Но после этого Жилбыл заметил, что лестница в светлицу перестала скрипеть, кто-то подправил неумело сбитое им крыльцо, выскоблил до желтого блеска стол и лавки, законопатил щели в окнах. И снова ничего не сказал Летописец. Не поблагодарил, но и не выругал мальцов. Ничьей помощи он принимать не собирался, однако терем был не только его домом, а и домом мальцов, и жить нужно было в согласии.
Утром четвертого дня Жилбыл пошел на холм Государыни. Спокойной размеренной поступью он шагал по лестнице и знал, что теперь для него ее бесконечность кончилась. Он дойдет до вершины без напряжения и усталости. И еще знал, что не встретится там с Государыней. Не только там, на вершине, но и вообще нигде и никогда. Ибо теперь он сам стал Государем — хозяином собственной жизни — и больше не позволит никому ни помыкать собой, ни управлять.
И все же на середине лестницы у беседки он запнулся. Здесь в прошлой своей жизни он провел лучшие свои дни. Грусть по безвозвратно ушедшему счастливому времени уколола сердце, он остановился и долго смотрел на беседку. А затем вошел.
Пыль и запустение встретили его. Летописец смахнул со стула осколки Волшебной Линзы и сел. Вспомнилось, каким лучезарным и прекрасным видел он мир в Линзе. С каким упоением он описывал его, отмечая мельчайшие подробности. А затем вспомнил жужинью Тенку — бесхитростное и бескорыстное существо, беззаветно любившее его. И стало ему горько и грустно, и боль утраты сдавила сердце.
Сзади послышался шорох раздвигаемых корней, на пол беседки посыпались комья земли, и к столу, выбравшись из норы, грузно топая, подошел Лет. Он вытер стол, положил кипу листов, поставил чернильницу и воткнул в нее перо. Все это он делал молча, но на насупленном лице явственно проступало недовольство долгим отсутствием Летописца.
— Я не буду писать, — сказал Жилбыл.
— Что?! — начальственным тоном гаркнул Лет, и глаза его налились кровавым светом.
— Я сказал, что никогда больше не буду писать Летопись, — спокойно повторил Жилбыл.
Лет грозно ощетинился, напыжился, готовясь взорваться яростным криком… Но внезапно моргнул, тело его вдруг съежилось, а когда веки поднялись, то Жилбыл увидел перед собой глаза прежнего Лета — желтые, добрые и грустные.
— Никогда? — потерянно переспросил он.
— Никогда.
Лет шмыгнул носом, глаза заблестели от навернувшихся слез. Он отвернулся, неуверенной походкой отошел к краю беседки, и тут плечи у него затряслись.
— Никому… — сквозь всхлипывания донеслось до Летописца. — Никому я не нужен…
Очерствевшее после смерти Тенки сердце Жилбыла, не простившего ни Кудесника, ни Государыню, ни мальцов, неожиданно дрогнуло. И тогда он понял, чем будет заниматься всю оставшуюся жизнь.

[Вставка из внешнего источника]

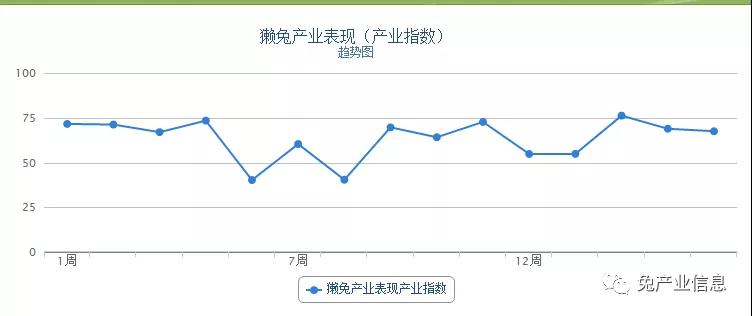 最近一周獺兔產(chǎn)業(yè)表現(xiàn)為67.55,與上周相比下降了2.07%
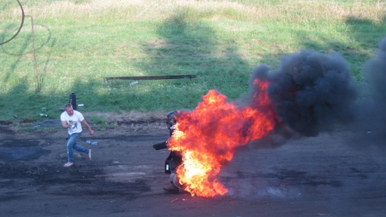 Каскадер полыхал на стадионе «Локомотив» В Ярославле в выходные показали опасное шоу. В город приехал театр каскадеров из Брянска. Шоу получилось зрелищным - машины превращались в трансформеров. Огромные автомобиль давили маленькие легковушки, как консервные банки. Машины даже летали. ДТП, только без жертв, к счастью Но участвовали не только машины. Полёт легковушки - Если психика слабая, закройте глаза! - предупреждал ведущий перед некоторыми номерами. И не зря. Чтобы удивить зрителей каскадёры даже подожгли человека. Конечно, он был в защитном костюме, но зрелище, действительно, не для слабонервных.

— Я никогда не буду писать Летопись, — сказал он в спину Лета. — А писать буду. Но не здесь.
Лет замер. Затем неуверенно обернулся.
— Правда?
— Правда.
— А где ты будешь писать?
— У себя в тереме.
— Тебе… принести бумагу и чернила?
— Если тебе не трудно.
— Я сейчас… сейчас… — засуетился Лет, дрожащими от нетерпения руконогами собирая со стола письменные принадлежности. — Идем!
Жилбыл покачал головой.
— Иди сам. Я приду позже. Мне нужно подняться на холм.

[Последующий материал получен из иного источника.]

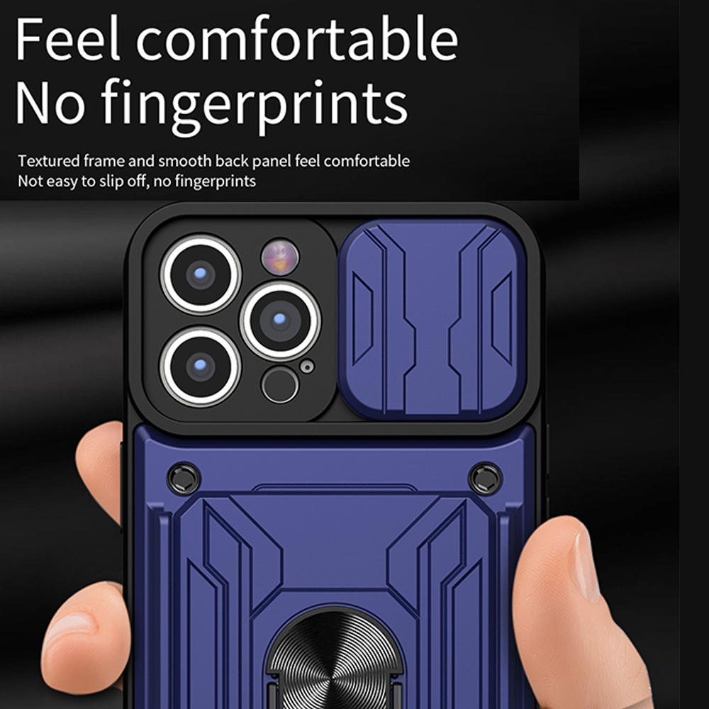Đặc điểm: 1.Khung cong và mặt sau mịn tạo cảm giác thoải mái, không dễ tuột ra, không bám dấu vân tay, 2.Vỏ điện thoại di động, giá đỡ thẻ, bảo vệ camera giá đỡ nhiều trong một. 3.Bao đựng thẻ miễn phí thắt lưng, ngăn đựng thẻ có thể tháo rời. 4.Giá đỡ kẹp ngón tay vô hình, được cải thiện ổn định, thoải mái hơn khi sử dụng. 5.Bulit trong lực hút từ tính, ổn định và không bị rơi, có thể được sử dụng với tất cả các loại xe từ tính. 6.Đi kèm với giá đỡ vòng, điều chỉnh góc theo ý muốn. 7.Thiết kế cửa sổ đẩy ống kính, vỏ trượt không có khe hở, dễ dàng trượt và không bị lỏng. 8.Đồ thật, bảo vệ mạnh mẽ nhiều lớp. 9.Truy cập vào tất cả các cổng, điều khiển và cảm biến. Các nút cảm thấy nhạy cảm

— А ты… — Глаза Лета вдруг подернулись недоверчивой поволокой. — Не обманываешь меня?
Жилбыл только улыбнулся. И тогда окрыленный Лет, зажав в трех руконогах бумагу, чернильницу и перо, стремглав выскочил из беседки и шаром покатился вниз по ступеням.
— Я буду жда-ать! — удаляющимся эхом донеслось до Летописца.
Жилбыл встал со стула и зашагал по лестнице вверх.
Вынырнул я в реальность поздним вечером. Я стоял в кленовом сквере у здания Центра по делам беженцев и смотрел на его светящиеся окна. Надо же, сегодня вечером в целях экономии для всего города отключили электроэнергию, а эта двенадцатиэтажка иллюминировала новогодней елкой!
Что делал дома после ухода Летописца, я не помнил. И как добрался сюда — тоже. Раньше «выпадение из реальности» со мной происходило лишь во время творческих мук, и вот сейчас, впервые, это случилось не за письменным столом. Кажется, в медицине это называется первыми признаками старческого маразма.